What this task involves.
Excluding pictures, what does the listing below contain from the line with "Add instant coziness" up to and including the line with "Cena produktu r贸偶ni", word for word?

The data.
>>>>>
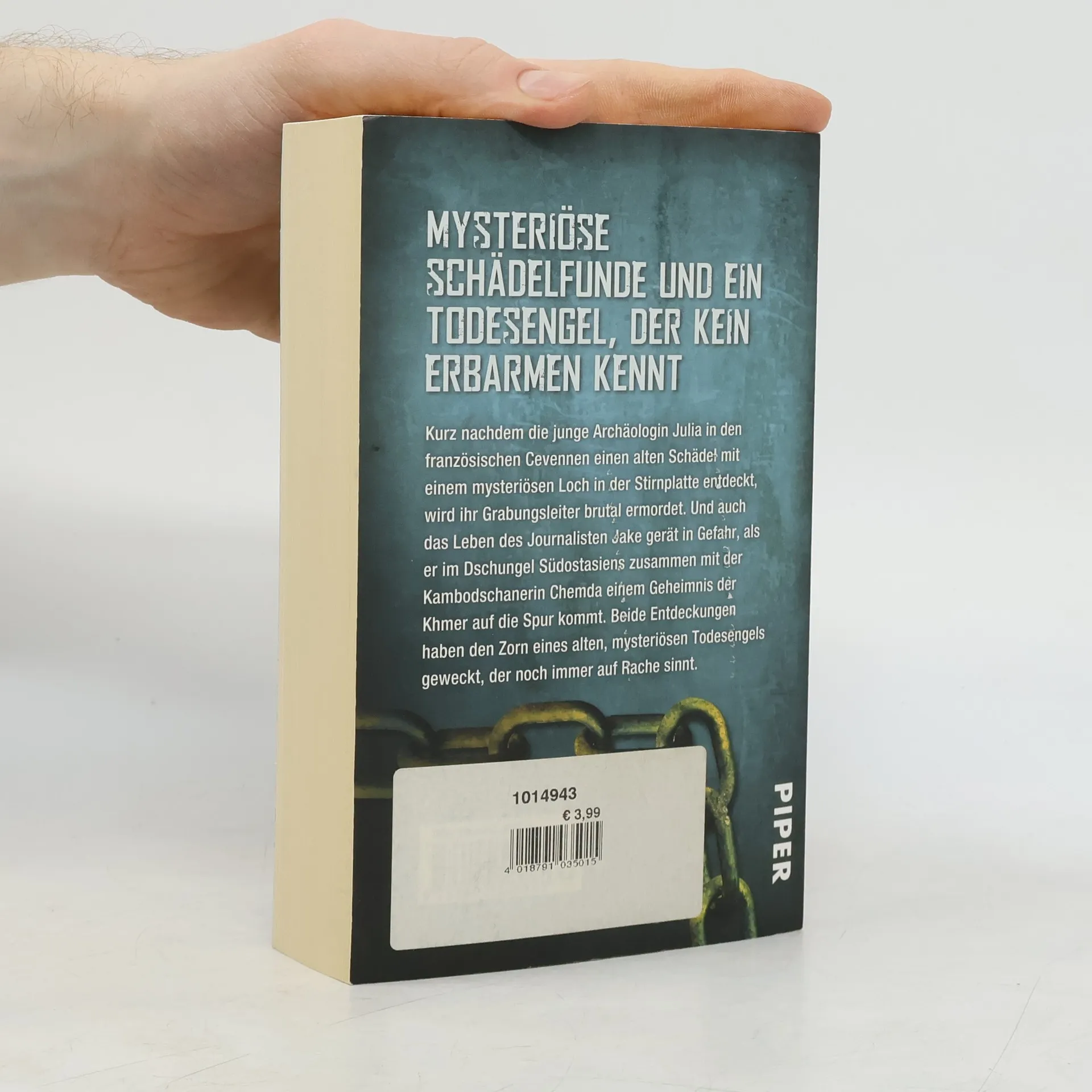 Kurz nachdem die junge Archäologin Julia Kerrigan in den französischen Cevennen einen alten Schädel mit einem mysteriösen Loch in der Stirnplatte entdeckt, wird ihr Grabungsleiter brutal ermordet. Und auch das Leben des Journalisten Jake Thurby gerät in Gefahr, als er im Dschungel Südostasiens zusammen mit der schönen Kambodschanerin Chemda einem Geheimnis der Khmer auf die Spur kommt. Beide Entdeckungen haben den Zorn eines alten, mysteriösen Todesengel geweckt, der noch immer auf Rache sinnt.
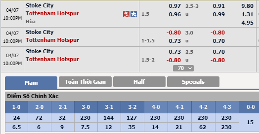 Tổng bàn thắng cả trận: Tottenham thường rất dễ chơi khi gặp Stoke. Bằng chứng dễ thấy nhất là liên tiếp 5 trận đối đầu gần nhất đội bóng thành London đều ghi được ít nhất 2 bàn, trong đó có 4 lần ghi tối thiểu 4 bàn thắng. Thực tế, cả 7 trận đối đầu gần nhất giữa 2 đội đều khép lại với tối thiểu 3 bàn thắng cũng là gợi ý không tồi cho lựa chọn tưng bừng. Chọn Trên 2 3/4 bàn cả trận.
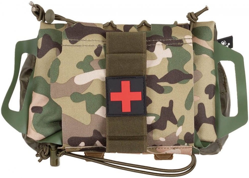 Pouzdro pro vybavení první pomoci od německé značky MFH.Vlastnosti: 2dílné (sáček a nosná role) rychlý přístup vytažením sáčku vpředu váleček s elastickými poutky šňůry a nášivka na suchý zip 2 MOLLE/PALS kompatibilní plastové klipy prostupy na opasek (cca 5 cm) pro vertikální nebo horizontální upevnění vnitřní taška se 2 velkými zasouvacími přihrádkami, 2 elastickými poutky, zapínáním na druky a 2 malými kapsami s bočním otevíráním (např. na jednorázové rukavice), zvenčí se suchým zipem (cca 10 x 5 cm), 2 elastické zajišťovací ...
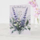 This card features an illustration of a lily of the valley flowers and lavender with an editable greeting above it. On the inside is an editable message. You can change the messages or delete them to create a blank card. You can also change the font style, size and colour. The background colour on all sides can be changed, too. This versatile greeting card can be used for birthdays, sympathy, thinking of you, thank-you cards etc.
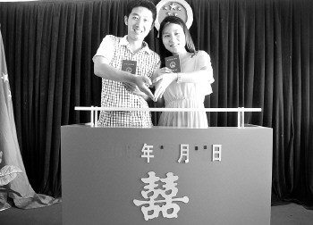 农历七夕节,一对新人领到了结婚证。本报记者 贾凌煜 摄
<<<<<
>>>>>
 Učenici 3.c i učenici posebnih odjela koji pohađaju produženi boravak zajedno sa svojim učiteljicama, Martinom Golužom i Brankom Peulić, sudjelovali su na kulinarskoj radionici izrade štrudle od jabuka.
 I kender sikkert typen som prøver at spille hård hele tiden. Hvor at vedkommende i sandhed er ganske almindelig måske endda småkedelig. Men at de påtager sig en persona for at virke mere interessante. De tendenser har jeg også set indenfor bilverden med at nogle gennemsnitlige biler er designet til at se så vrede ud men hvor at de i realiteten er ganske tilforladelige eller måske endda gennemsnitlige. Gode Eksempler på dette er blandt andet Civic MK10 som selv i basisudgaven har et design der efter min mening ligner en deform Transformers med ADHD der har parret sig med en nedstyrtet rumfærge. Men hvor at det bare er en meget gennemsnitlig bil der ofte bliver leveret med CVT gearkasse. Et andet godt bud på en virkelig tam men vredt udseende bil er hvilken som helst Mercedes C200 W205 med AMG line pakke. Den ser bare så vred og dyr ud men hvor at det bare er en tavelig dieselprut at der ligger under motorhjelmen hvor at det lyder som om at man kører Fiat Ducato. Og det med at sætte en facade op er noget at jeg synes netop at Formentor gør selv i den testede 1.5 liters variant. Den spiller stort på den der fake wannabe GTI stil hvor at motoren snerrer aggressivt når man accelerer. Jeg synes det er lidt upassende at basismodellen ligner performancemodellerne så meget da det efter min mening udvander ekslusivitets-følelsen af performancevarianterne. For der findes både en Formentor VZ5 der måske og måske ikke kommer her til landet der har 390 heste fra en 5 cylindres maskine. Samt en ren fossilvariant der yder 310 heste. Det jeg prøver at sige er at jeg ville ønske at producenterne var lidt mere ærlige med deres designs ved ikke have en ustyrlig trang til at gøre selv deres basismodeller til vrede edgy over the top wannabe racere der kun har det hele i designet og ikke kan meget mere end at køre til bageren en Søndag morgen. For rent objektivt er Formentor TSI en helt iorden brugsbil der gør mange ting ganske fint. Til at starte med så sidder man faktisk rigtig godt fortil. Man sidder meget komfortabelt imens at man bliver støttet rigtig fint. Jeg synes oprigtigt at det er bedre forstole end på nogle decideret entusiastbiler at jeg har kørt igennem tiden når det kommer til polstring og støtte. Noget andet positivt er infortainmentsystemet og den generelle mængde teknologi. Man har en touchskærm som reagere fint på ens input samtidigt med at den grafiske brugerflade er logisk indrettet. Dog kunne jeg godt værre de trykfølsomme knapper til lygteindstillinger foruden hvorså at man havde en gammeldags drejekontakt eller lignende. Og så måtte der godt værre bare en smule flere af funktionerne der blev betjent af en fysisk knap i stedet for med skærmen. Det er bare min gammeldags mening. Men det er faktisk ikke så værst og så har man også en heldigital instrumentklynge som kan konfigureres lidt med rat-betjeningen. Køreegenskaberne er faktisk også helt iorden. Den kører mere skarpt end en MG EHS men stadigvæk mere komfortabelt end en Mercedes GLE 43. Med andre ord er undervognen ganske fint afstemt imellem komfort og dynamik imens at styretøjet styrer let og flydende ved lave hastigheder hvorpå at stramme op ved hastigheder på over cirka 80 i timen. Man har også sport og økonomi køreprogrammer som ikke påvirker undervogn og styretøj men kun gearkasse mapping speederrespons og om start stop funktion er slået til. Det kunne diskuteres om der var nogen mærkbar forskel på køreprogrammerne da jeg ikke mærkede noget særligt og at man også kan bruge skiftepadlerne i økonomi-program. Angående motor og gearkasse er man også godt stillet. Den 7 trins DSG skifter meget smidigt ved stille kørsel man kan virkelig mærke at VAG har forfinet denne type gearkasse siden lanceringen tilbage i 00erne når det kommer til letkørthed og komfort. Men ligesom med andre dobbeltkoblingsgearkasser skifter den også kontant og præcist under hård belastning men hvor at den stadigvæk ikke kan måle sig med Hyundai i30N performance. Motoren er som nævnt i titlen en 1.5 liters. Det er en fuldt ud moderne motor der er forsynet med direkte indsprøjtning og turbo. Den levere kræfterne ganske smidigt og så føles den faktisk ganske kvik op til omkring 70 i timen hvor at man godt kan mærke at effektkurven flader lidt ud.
<<<<<
>>>>>
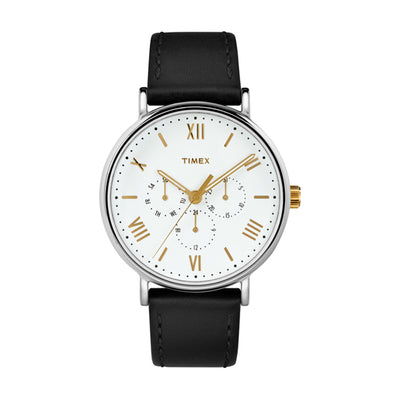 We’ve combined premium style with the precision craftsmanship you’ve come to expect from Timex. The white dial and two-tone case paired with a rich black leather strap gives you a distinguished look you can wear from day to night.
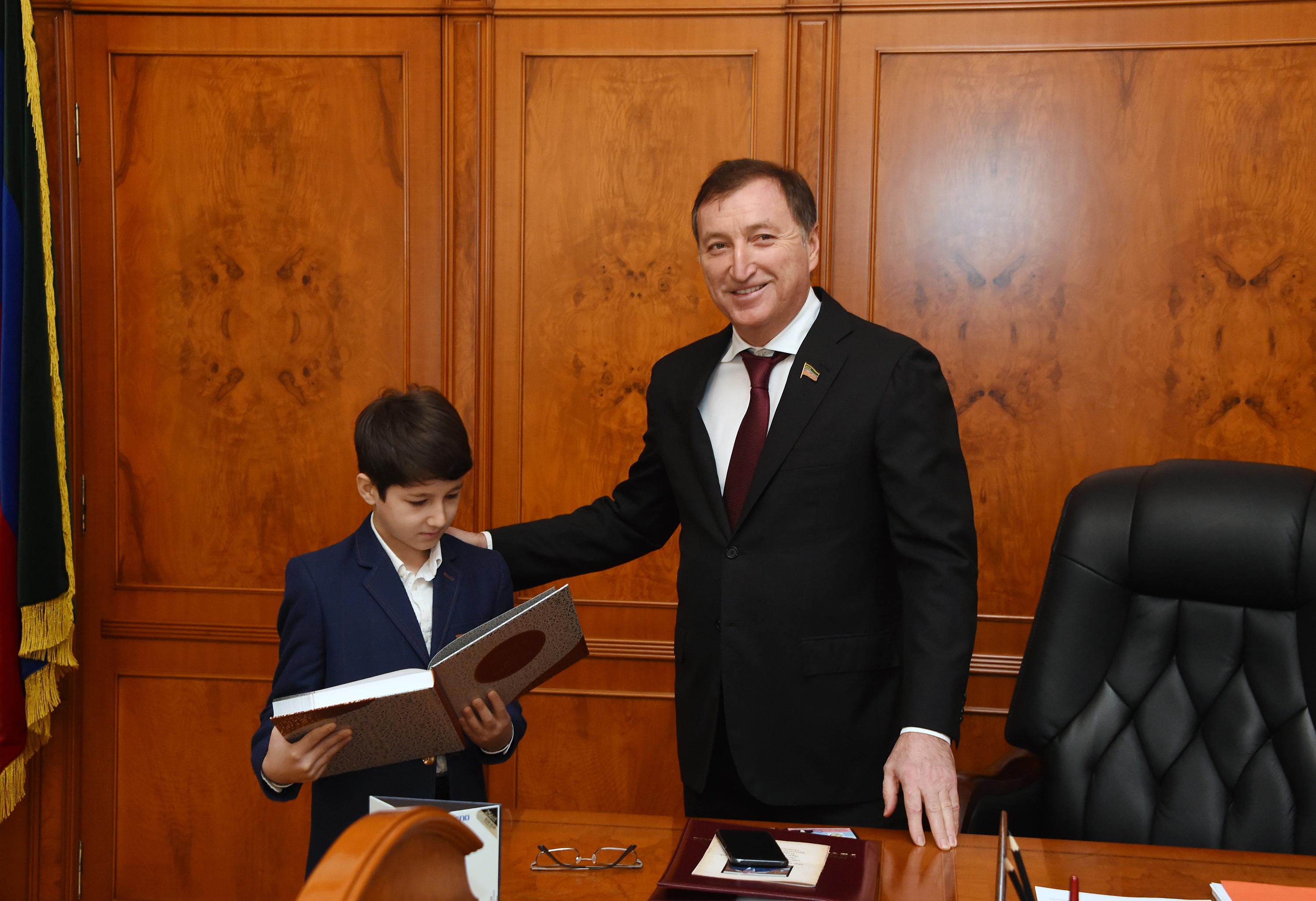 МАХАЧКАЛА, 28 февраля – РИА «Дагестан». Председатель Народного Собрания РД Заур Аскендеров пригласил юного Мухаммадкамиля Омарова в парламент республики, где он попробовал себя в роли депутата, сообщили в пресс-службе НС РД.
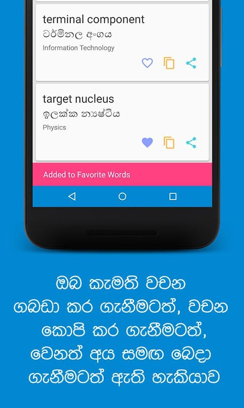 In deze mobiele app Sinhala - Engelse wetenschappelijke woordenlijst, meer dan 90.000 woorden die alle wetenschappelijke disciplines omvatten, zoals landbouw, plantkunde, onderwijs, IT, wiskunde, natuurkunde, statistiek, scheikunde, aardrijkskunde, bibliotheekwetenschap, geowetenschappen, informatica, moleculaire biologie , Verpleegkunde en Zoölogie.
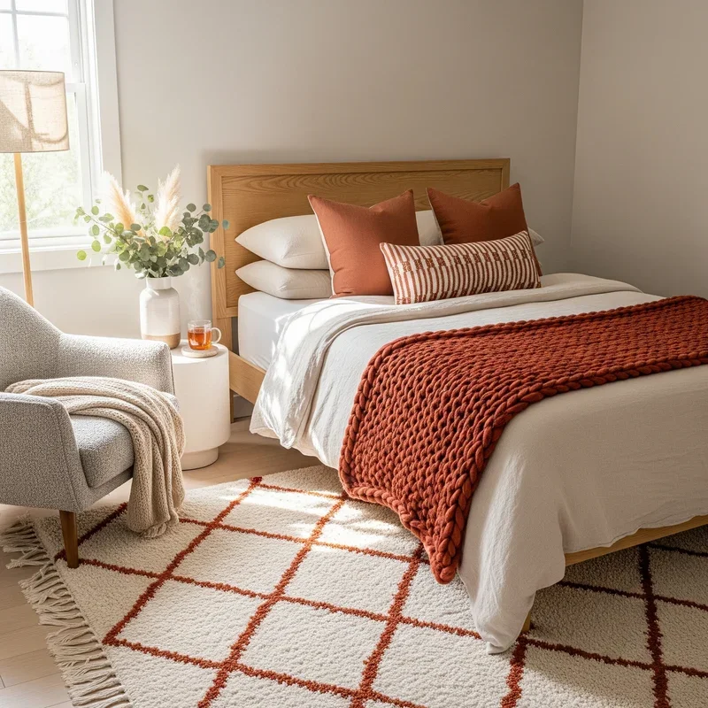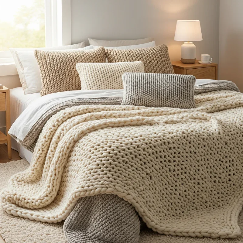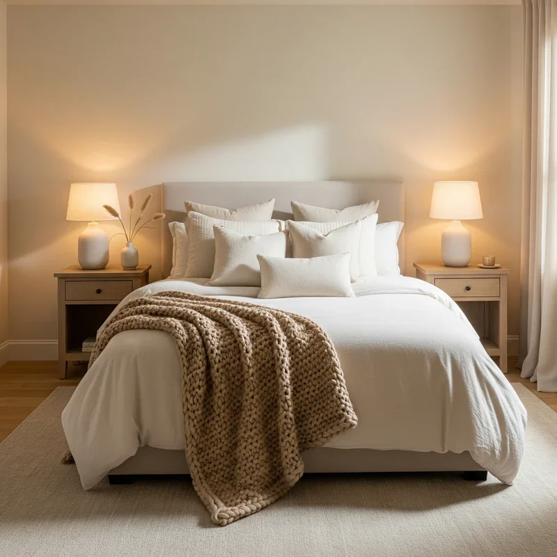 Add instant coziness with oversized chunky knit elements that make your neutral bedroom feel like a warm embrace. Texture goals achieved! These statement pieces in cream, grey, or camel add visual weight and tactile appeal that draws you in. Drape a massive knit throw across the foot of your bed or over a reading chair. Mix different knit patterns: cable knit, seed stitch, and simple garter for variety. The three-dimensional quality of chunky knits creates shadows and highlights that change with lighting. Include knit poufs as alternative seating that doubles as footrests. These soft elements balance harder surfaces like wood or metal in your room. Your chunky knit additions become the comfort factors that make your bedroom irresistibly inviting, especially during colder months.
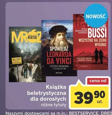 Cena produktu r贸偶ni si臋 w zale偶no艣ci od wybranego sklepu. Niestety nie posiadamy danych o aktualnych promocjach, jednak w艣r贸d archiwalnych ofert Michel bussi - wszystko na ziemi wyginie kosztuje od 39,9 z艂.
<<<<<
Written response.
 Add instant coziness with oversized chunky knit elements that make your neutral bedroom feel like a warm embrace. Texture goals achieved! These statement pieces in cream, grey, or camel add visual weight and tactile appeal that draws you in. Drape a massive knit throw across the foot of your bed or over a reading chair. Mix different knit patterns: cable knit, seed stitch, and simple garter for variety. The three-dimensional quality of chunky knits creates shadows and highlights that change with lighting. Include knit poufs as alternative seating that doubles as footrests. These soft elements balance harder surfaces like wood or metal in your room. Your chunky knit additions become the comfort factors that make your bedroom irresistibly inviting, especially during colder months.
 Cena produktu r贸偶ni si臋 w zale偶no艣ci od wybranego sklepu. Niestety nie posiadamy danych o aktualnych promocjach, jednak w艣r贸d archiwalnych ofert Michel bussi - wszystko na ziemi wyginie kosztuje od 39,9 z艂.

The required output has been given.